Want to calculate exact costs for your project?

Frequently Asked Questions

What is Tencent Hy3's pricing compared to other frontier models?

Hy3 costs $0.14 per million input tokens and $0.58 per million output tokens. For comparison: GPT-5.6 Luna costs $1/$6, GPT-5.6 Sol costs $5/$30, Claude Opus 4.8 costs $5/$25, and Claude Fable 5 costs $10/$50. Hy3 is roughly 10x cheaper than the nearest budget frontier option.

How does Hy3's MoE architecture enable such low pricing?

Hy3 has 295B total parameters but only activates 21B per forward pass using top-8 routing across 192 expert modules. This extreme sparsity means you get 295B-quality outputs at the inference cost of a 21B model, allowing Tencent to price far below dense models.

What inference modes does Hy3 support for coding?

Hy3 supports three modes: no-think (direct generation, cheapest), low CoT (brief reasoning, balanced), and high CoT (extended reasoning for complex tasks).
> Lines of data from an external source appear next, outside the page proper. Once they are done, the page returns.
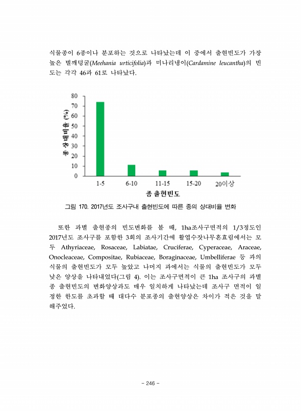 식물종이 6종이나 분포하는 것으로 나타났는데 이 중에서 출현빈도가 가장 높은 벌깨덩굴 Meehania urticifolia 과 미나리냉이 Cardamine leucantha 의 빈 도는 각각 46과 61로 나타났다. 그림 170. 2017년도 조사구내 출현빈도에 따른 종의 상대비율 변화 또한 과별 출현종의 빈도변화를 볼 때, 1ha조사구면적의 1/3정도인 2017년도 조사구를 포함한 3회의 조사기간에 활엽수잣나무혼효림에서는 모 두 Athyriaceae, Rosaceae, Labiatae, Cruciferae, Cyperaceae, Araceae, Onocleaceae, Compositae, Rubiaceae, Boraginaceae, Umbelliferae 등 과의 식물의 출현빈도가 모두 높았고 나머지 과에...
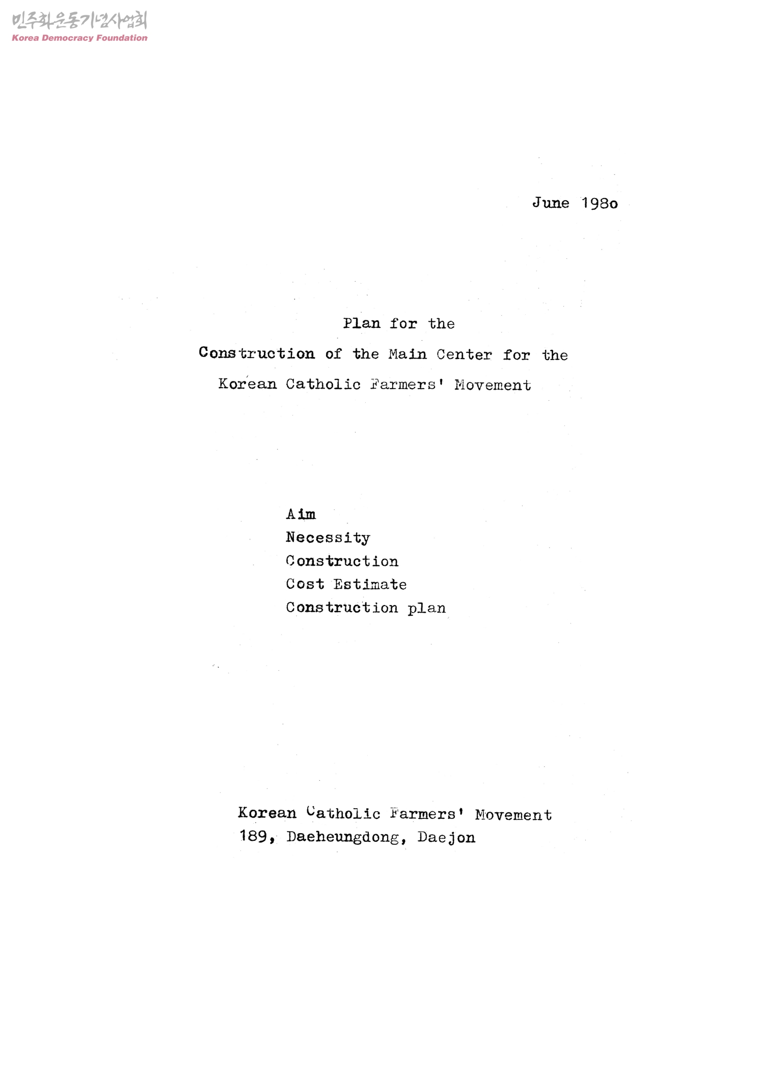 plan for the Construction of the Main Center for the Korean Catholic Farmers' Movement
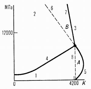 Рис. 2. Диаграмма состояния углерода: 1 и 2-области устойчивости соответственно графита и алмаза; 3-область существования расплава углерода; 4-линия равновесия графит-алмаз; 5, б, 7, 8 -линии плавления соответственно графита, метастабильного графита (приблизительная граница существования метастабильного графита в поле алмаза), алмаза и метастабильного алмаза в поле графита (приблизительная граница); А и В-области существования термодинамически неустойчивых алмаза и графита соответственно. |
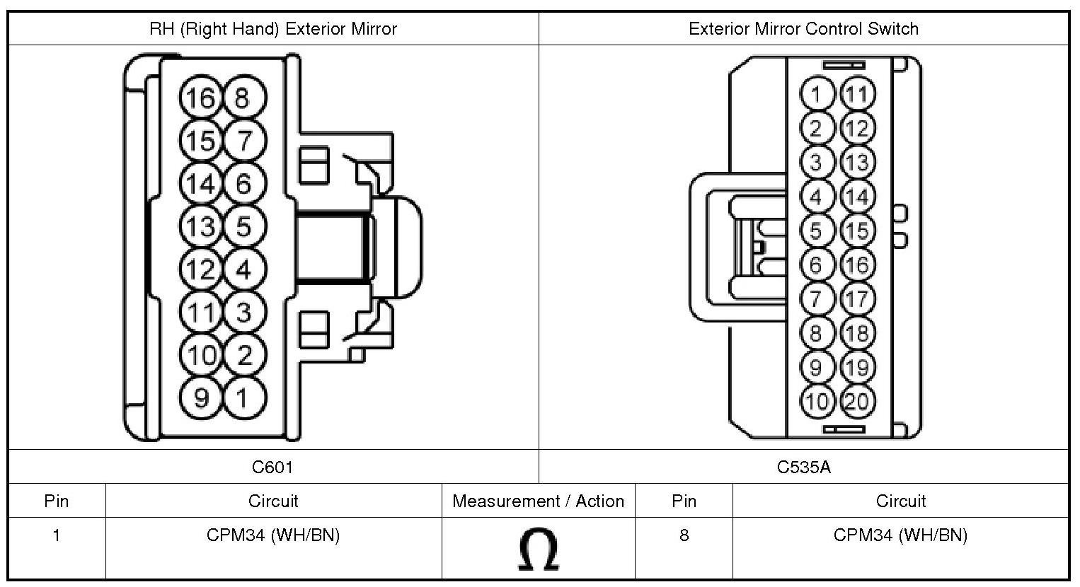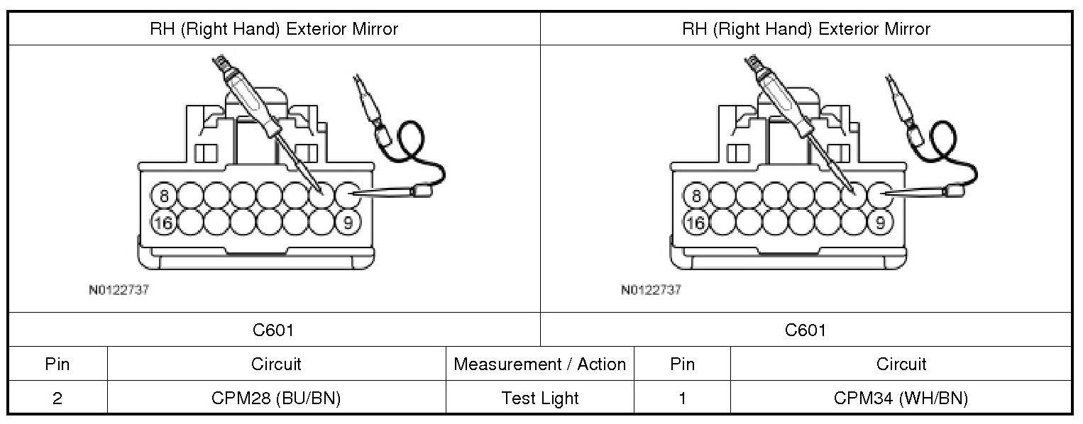 6. For incorrectly operating RH (Right Hand) mirror, while using the exterior mirror control switch in the right, left and released positions, monitor:
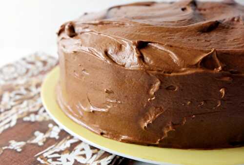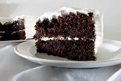 A glorious chocolate cake with warm spices topped with a luxurious frosting of mascarpone and whipped cream.
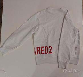 Felpa senza cappuccio Disquared2, bianca, con foglia a pallini blu e con scritta DISQUARED2 in rosso.
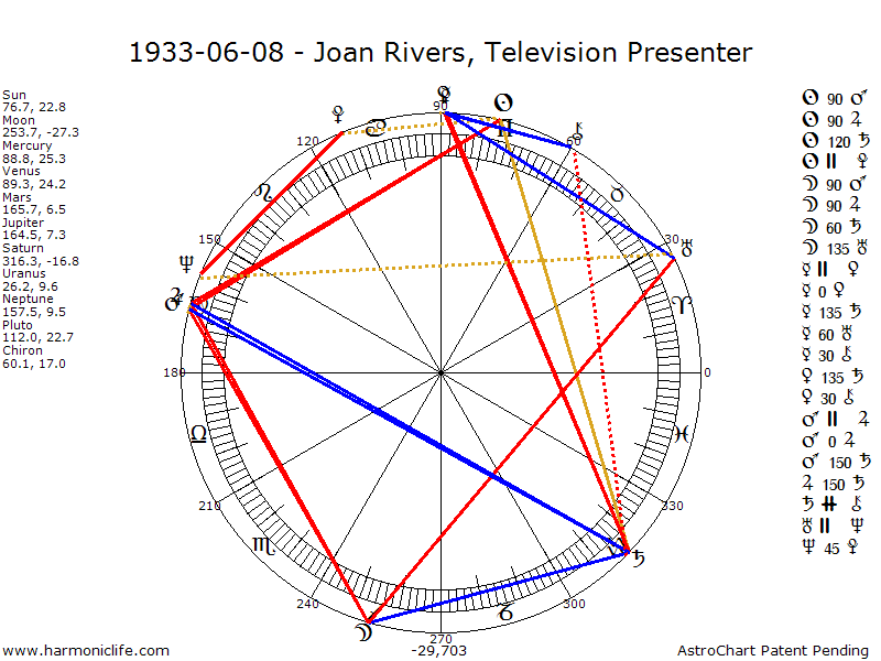 MOON -135 degrees URANUS with an error of 2.48 degrees. Aspect strength = 37.88% Unfortunate changes, journeys and removals. Impulsive, sarcastic, abrupt, peculiar, electric and independent; danger on or the near the water; trouble through the opposite sex, difficulties, annoyance and possibly separations; troubles through Occult affairs and unreliable friends. Not good for health, tending to upset the stomach and digestion, causing mental disturbance of different kinds, sudden or peculiar changes in feelings, emotions, likes and dislikes. Restless, active mind, ever desirous of new scenes, new working material and surroundings; cannot stand limitations. It usually produces extremes and reversals.
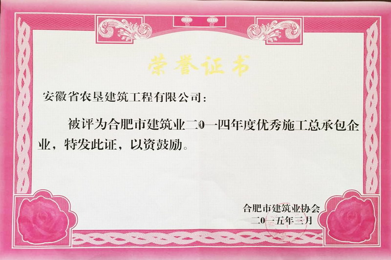 近日,安徽垦建公司获评合肥市建筑业上年度优秀施工总承包企业。2014年,垦建人直面纷繁复杂的市场环境,抢抓机遇,上下一心,以抓经营促发展、抓质量促信誉、抓安全促效益,不断总结经验,各项工作都取得了好成绩。
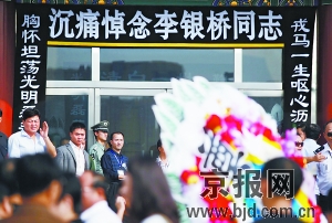 今天上午10時,毛澤東衛士長李銀橋追悼會在八寶山殯儀館舉行。李銀橋生前同事、友人和眾多滿懷對老人崇敬之情的市民參加了遺體告別儀式。李敏、毛新宇等毛澤東親屬也來到追悼會現場。
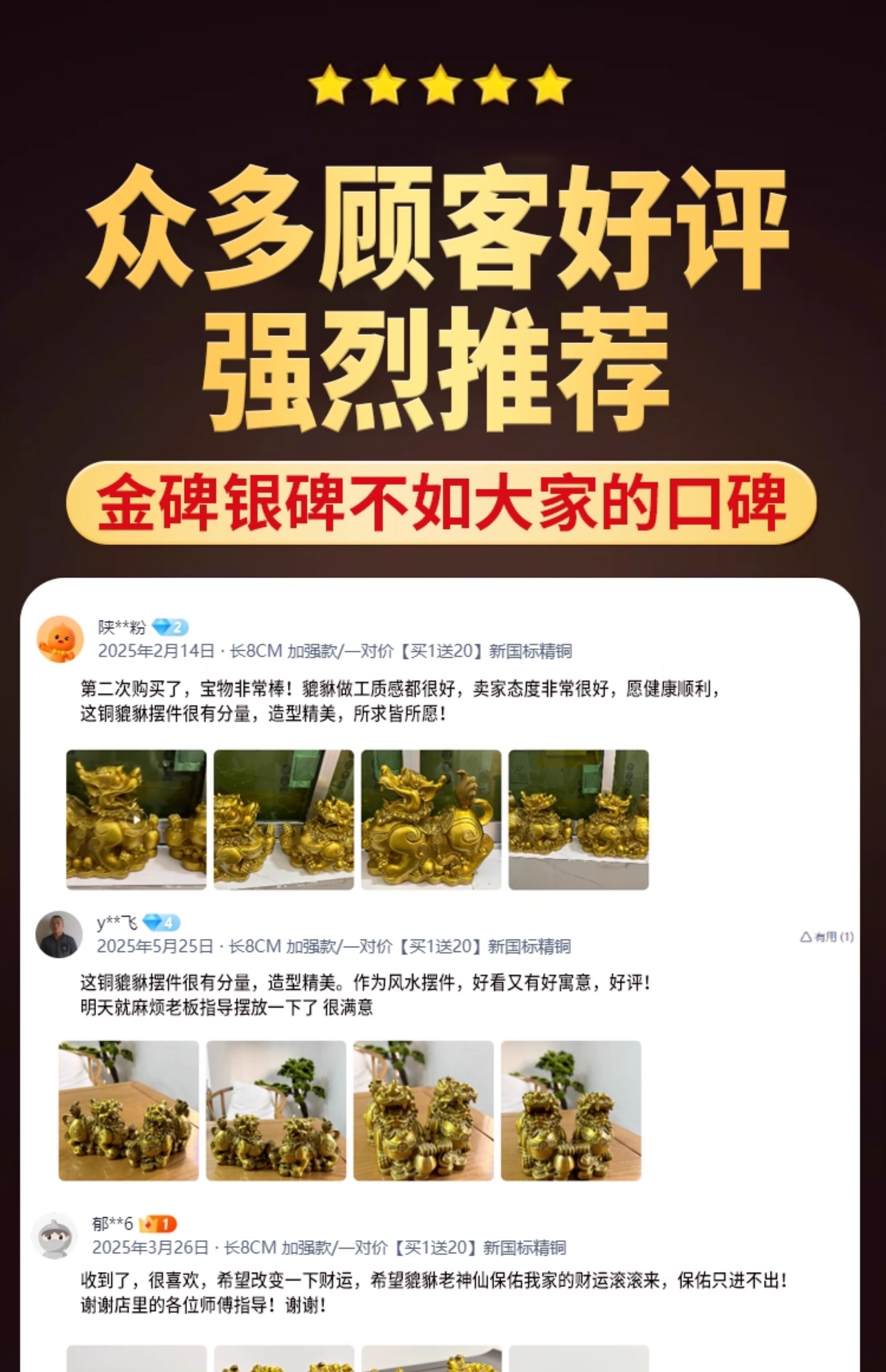 ✅【超90%的人选择】【富贵貔貅】中号一对-买1送20新国标精铜
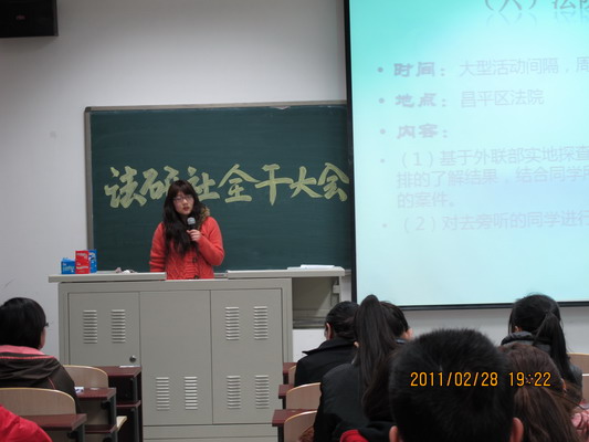 大会伊始,会长齐倩同学首先发言,在宣布了部分人员调整情况后,她以PPT形式带领大家一起回顾精彩历程。从“模拟法庭进社区”、社团招新,到学术沙龙系列活动、法院旁听,再到“12.4法制宣传”,法研会成绩不菲,各个活动中都能看到同学们积极主动的身影。齐倩同学特别提到,新加入的10级同学都很热情、认真,各个部门之间非常协调,但是活动中也存在不足,要吸取经验,避免不足。
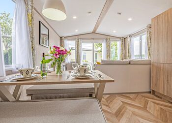 Unwind in style at Meadow View Lodge, a stylish and beautifully appointed luxury lodge offering breathtaking views across the Clwydian Hills. Perfect for couples, friends, or families, this lodge comfortably accommodates up to four guests in serene surroundings.Step inside to discover a modern open plan living/dining space offering lots of natural light complimented by the floor to ceiling patio doors. The living/dining features comfortable sofas, large Flatscreen Smart TV perfect for relaxing after a day of adventure. The fully equipped kitchen includes all the essentials for a comfortable stay, with a dishwasher, washing machine, microwave, and fridge/freezer. The master bedroom comes with a convenient en-suite shower/WC, and the twin bedroom features generously sized single beds and ample storage. As well as the ensuite the main bathroom includes a family shower providing convenience for family holidays.Step outside onto your private decking area, complete with high-quality seating, and soak in the panoramic countryside views in complete comfort.

Developers can select modes per task to optimize cost — using no-think for boilerplate and high CoT only for complex logic.

What are the tradeoffs of using Tencent Hy3 for coding?

Key considerations include data residency (China-based infrastructure may not meet some compliance requirements), potential latency for developers outside Asia-Pacific, English code generation quality validation needs, and different enterprise support infrastructure compared to Western providers.

Does Hy3 have a free tier?

Yes, Tencent offers a free tier for Hy3 on OpenRouter for low-volume usage. The paid pricing of $0.14/$0.58 per million tokens applies once you exceed free-tier limits.